• [Task requirements]
Please find the line that holds "A colour photograph" below and reproduce it, along with every line after it through the end, exactly and without pictures.

• [The data]
________________

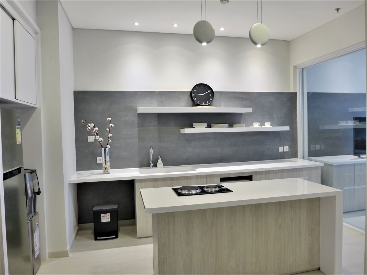 Hola, te invitamos a alojarte en nuestro nuevo apartamento, situado en el corazón de Yakarta. A solo unos minutos del distrito central de negocios de Sudirman y de prestigiosos centros comerciales, alojarse en nuestro apartamento te dará la comodidad de trabajar y disfrutar del ocio en Yakarta. A menos de 50 m de la estación de MRT más cercana. Nuestra unidad es espaciosa. El apartamento de un dormitorio puede alojar hasta 4 adultos, decorado con un diseño limpio, moderno y monocromático y comodidades completas y cocina totalmente equipada.
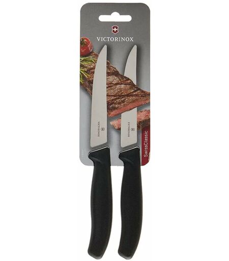 Victorinox Swiss Classic, set di 2 coltelli da bistecca gourmet con lama extra tagliente, nero -
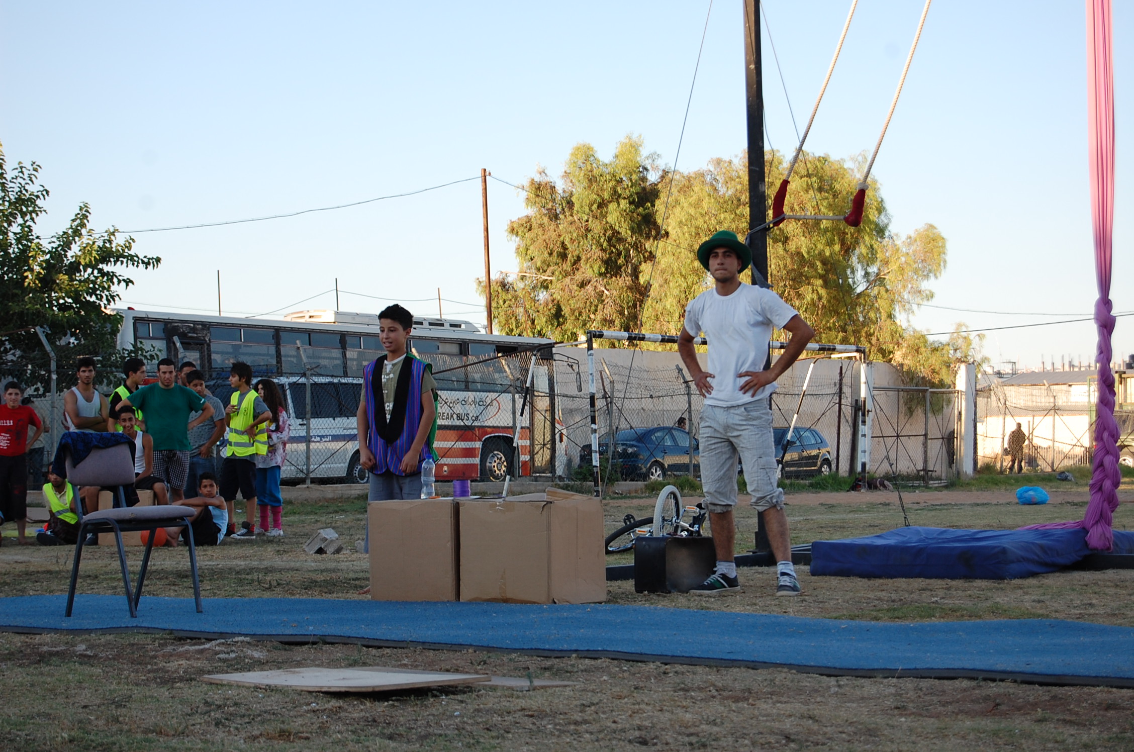 A colour photograph of the Palestine Circus School's production, "The Mobile Circus" in the Israeli-occupied city of Jenin in 2010. With a suite of training courses for all sections of society, the show featured a cast including, Ahmad Taleb, Alaʾ abu ar-Rub, Fady Zumurud, Hazar Azza, Laur Ṣadeq, Marah Ashmar, Mayrouby Makhluq, Muhammad abu ar-Rub, Muhammad abu Kishek, Muhammad abu Taleb, Muhammad al-Azza, Muhammad Ghayth, Muʿtaṣem Ghayth, and Yazan ʿWaydat.
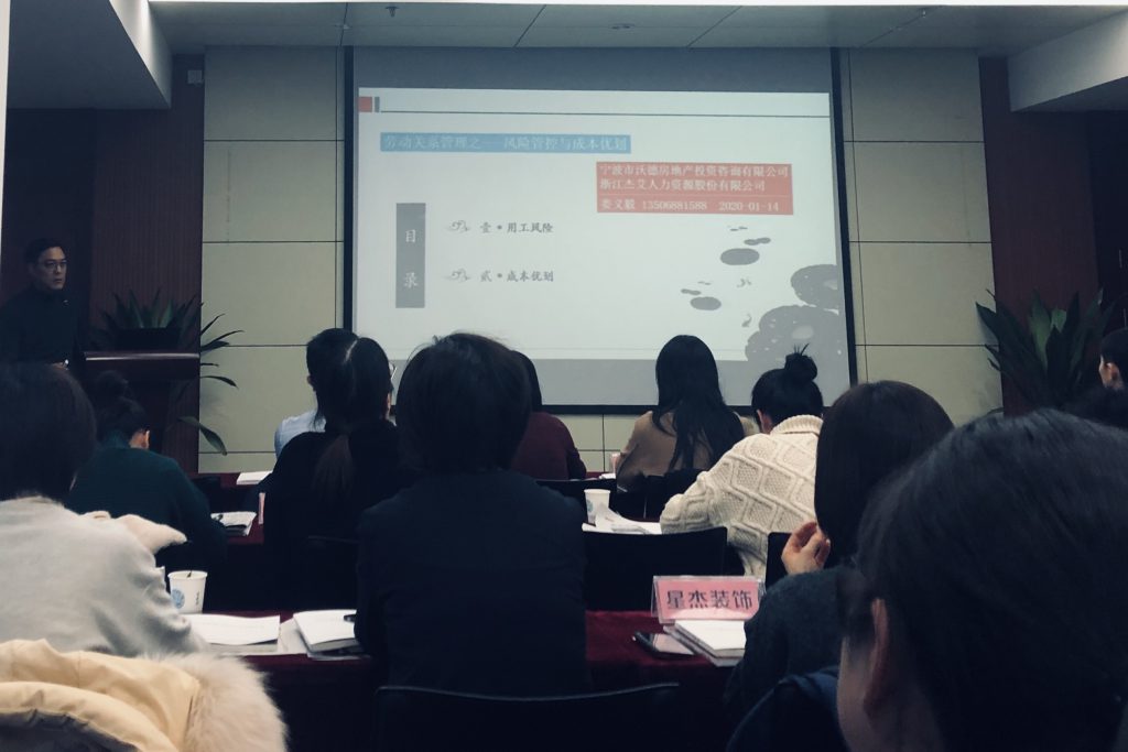 1月14日下午,由杰艾集团、宁波市侨商会及沃德房产主办的“我的写字楼邻居日——2020劳动用工风险管控与成本优化”主题分享会,在鄞州区南部商务区管委会、鄞州人社局和商务局的支持下,于宁波市南部商务区侨商大厦成功举办。

________________

• [Written reply]
 A colour photograph of the Palestine Circus School's production, "The Mobile Circus" in the Israeli-occupied city of Jenin in 2010. With a suite of training courses for all sections of society, the show featured a cast including, Ahmad Taleb, Alaʾ abu ar-Rub, Fady Zumurud, Hazar Azza, Laur Ṣadeq, Marah Ashmar, Mayrouby Makhluq, Muhammad abu ar-Rub, Muhammad abu Kishek, Muhammad abu Taleb, Muhammad al-Azza, Muhammad Ghayth, Muʿtaṣem Ghayth, and Yazan ʿWaydat.
 1月14日下午,由杰艾集团、宁波市侨商会及沃德房产主办的“我的写字楼邻居日——2020劳动用工风险管控与成本优化”主题分享会,在鄞州区南部商务区管委会、鄞州人社局和商务局的支持下,于宁波市南部商务区侨商大厦成功举办。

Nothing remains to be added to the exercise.